Angola Intensifies Mining Activities to Increase Foreign Earnings

Angola’s Mining sector has announced plans to increase mining activities on the exploration of diamonds, gold, phosphates, iron, copper and ornamental stones to ramp up foreign earnings.

The activities fall under the implementation of twenty-three new projects in the short and medium term .

This was announced  by minister of Geology and Mining, Francisco Queiroz at the opening ceremony of the 6th Consultative Council of the sector.

According to minister, the implementation of these projects contribute to tackle the current crisis by diversifying the sources of tax revenues and raise the country’s foreign exchange resources.

The official stressed that of 23 projects, five are diamonds, four gold, two iron, two phosphates, one copper and nine ornamental stones, but he would not  mention the value of each project.
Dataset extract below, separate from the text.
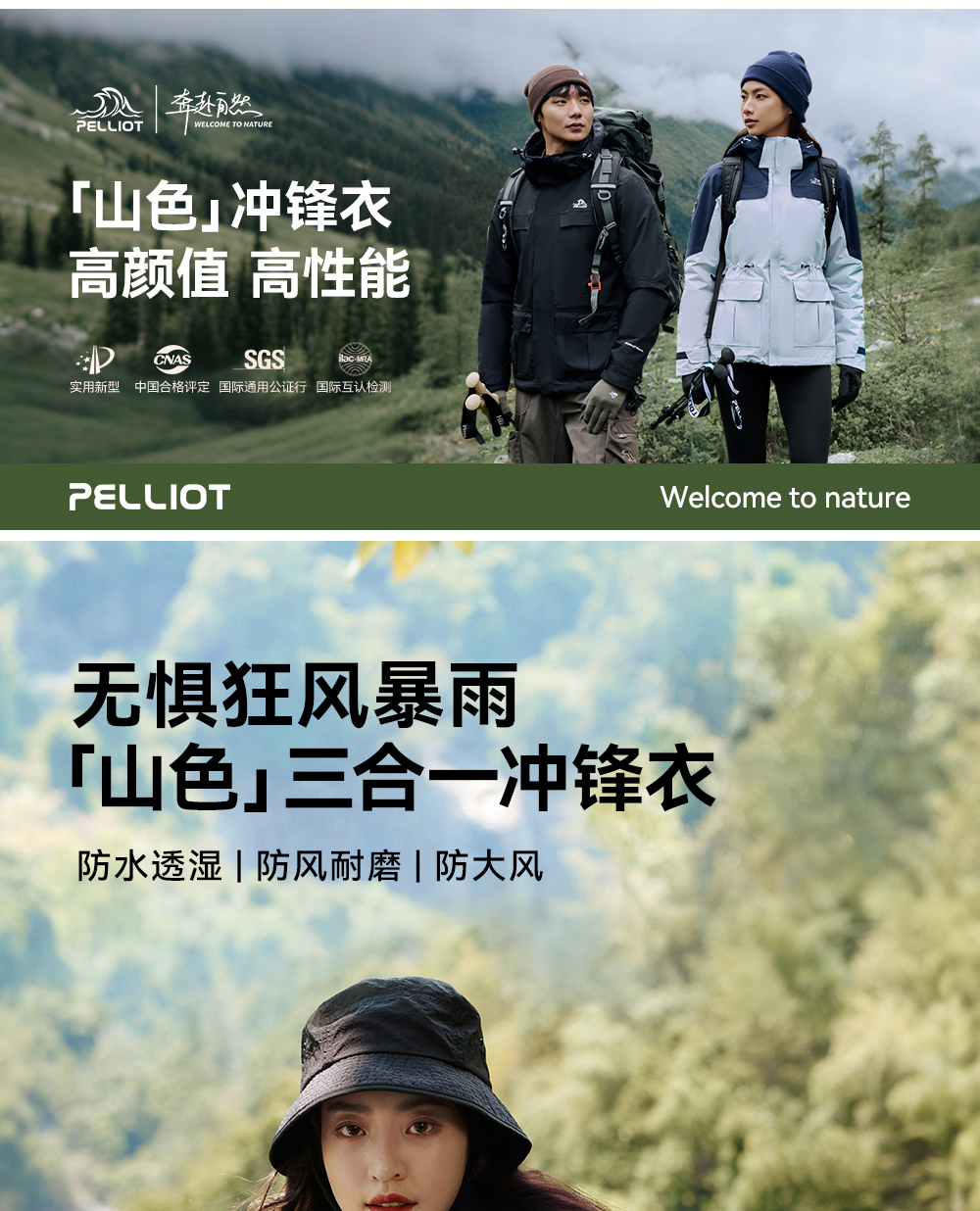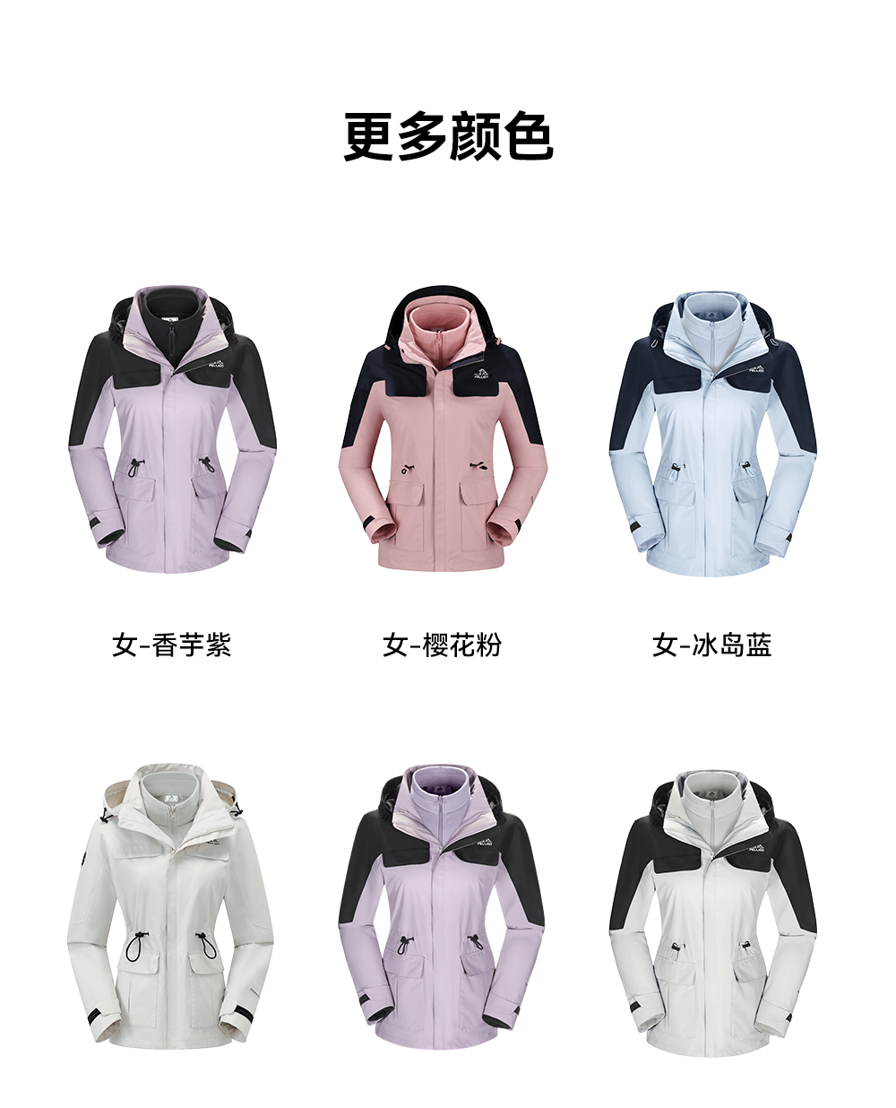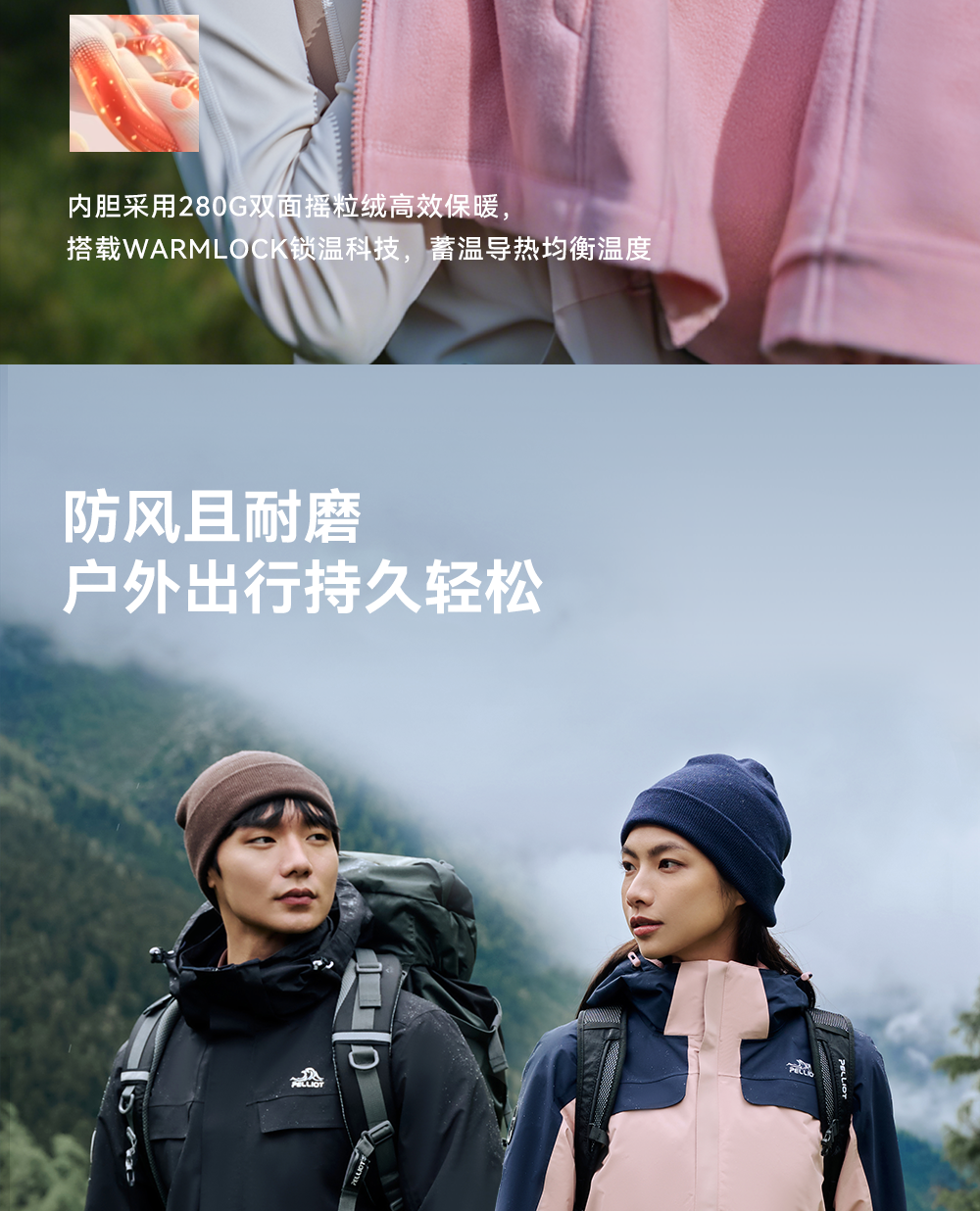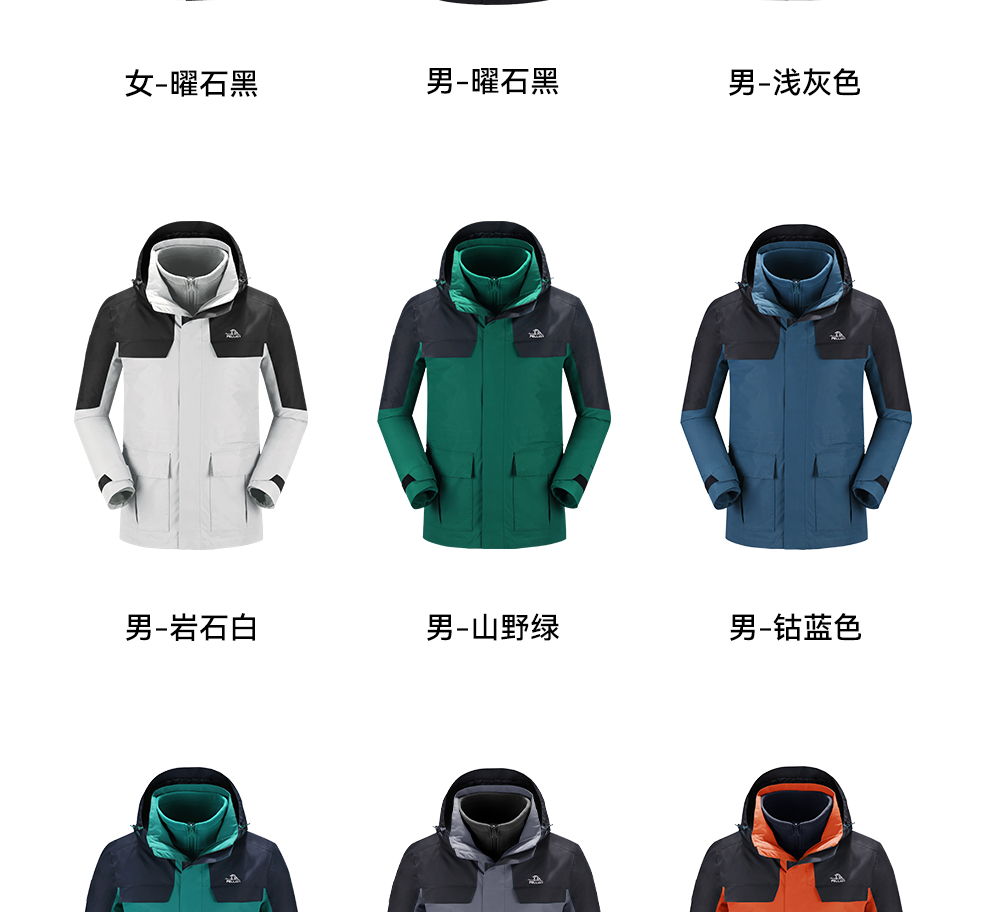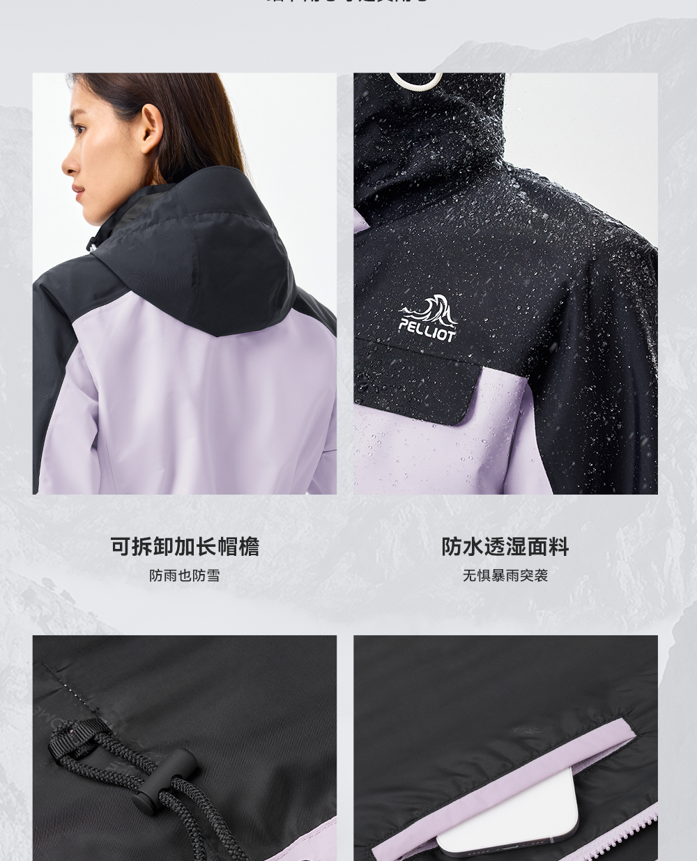 【山色】伯希和户外冲锋衣女新款三合一防风防雨徒步登山服外套男

The official said there is a strategy aimed to change the country’s economic base over the next 15 years, putting the mining industry as an alternative to the oil.

In order to ensure materialisation of said strategy, Francisco Queiroz called for the need to invest in the production of information, geological and mining mapping of all territory, with the data provided by National Plan of Geology (Planageo).

He also mentioned the permanent and systematic commitment to an institutional or business environment based on the principles of transparency, loyalty and technical – professional strictness and international good practices, as part of conditions.

In another aspect, the minister defended the need to guarantee the real appropriation of the results of the exploitation of the mining resources of Angola by the Angolans themselves, throughout their value chain, from the perspective of the African Mining vision of African Union which plans the continent’s development by 2063.

The meeting, running under the motto “The implementation of the executive strategy for the geology and mining sector”, include presentation of proposals for solutions to the current economic challenges and prospects for the next five years, based on the available indicators.